First, set up was a snap. While the network is expansive, it was not exactly blazingly fast, at least not for unsecure roaming access. The network can provide “download speeds of 2 to 4 megabits per second“. While, it is faster than most cellular networks, the service is nothing compared to some home internet connections. Although, the option to use it on a laptop is useful, the 4 Mbps is good enough for checking email or other smaller, lower bandwidth internet surfing usages. It’s hard to say if these estimates actually hold up with a lot of people using the network at once, especially if you are far from a broadcast tower – or in a funky part of the city – which is everywhere. But, they seemed to work quite well. My daughter, wife and I were suitably impressed.

Of Medical PACS

Of course, we also talked to local town folk about their free unsecured use. All were pleased with the Baltimore experience. We found business, law, nursing and graduate school students who were ferocious users. We even found medical students using open network wireless PCAS. To the uninitiated, picture archiving and communication systems (PACS) are computers or networks dedicated to the storage, retrieval, distribution and presentation of digital radiology images. The medical images are stored in an independent format. The most common format for image storage is Digital Imaging and Communications in Medicine [DICOM].

Roll-Put in Other Cities

Apparently, Sprint plans on releasing Xohm WiMAX networks in Chicago and Washington DC, this year.  While they are both major cities, it is hard to speak for just how well the WiMAX works when you’re sitting in Atlanta, GA. Should these networks actually get some decent use, perhaps the service will be released in more markets. I just don’t know.

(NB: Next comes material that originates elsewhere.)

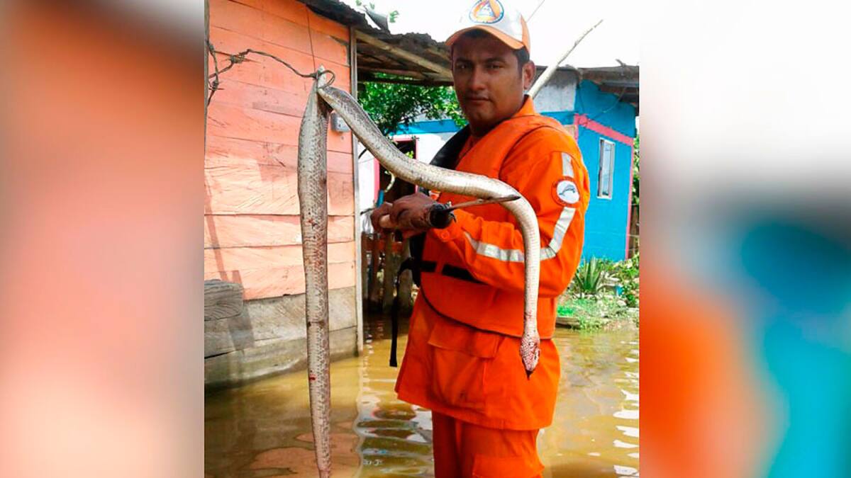 En medio de la actividad de socorro los voluntarios de la Defensa Civil han salvado a la comunidad de ser atacada por serpientes tipo Mapaná, que vienen en la creciente.

Local Baltimore provider NETGEAR has been a worldwide leader of technologically advanced, branded networking products since 1996. Their mission is to be the preferred customer-driven provider of innovative networking solutions for small businesses and homes.

Link: federal@netgear.com


As an old city, Baltimore has a rich medical heritage. There is the University of Maryland School of Medicine, Dentistry, Nursing and Pharmacy. Up the street from the Inner Harbor are the famed Johns Hospital School of Medicine and the Kennedy School of Public Health. It is here where I played stickball, as a child, in the parking lot. Nevertheless, given the high demands of business networking security and emerging network management in the local, State and Federal space today, NETGEAR is reported to have an end-to-end solution to meet most agency needs. This did seem to be the case in my ad-hoc experiment. We always found an open channel, and dropped links were few and far between; usually while mobile or riding in an automobile, bus, train or high-rail transportation system.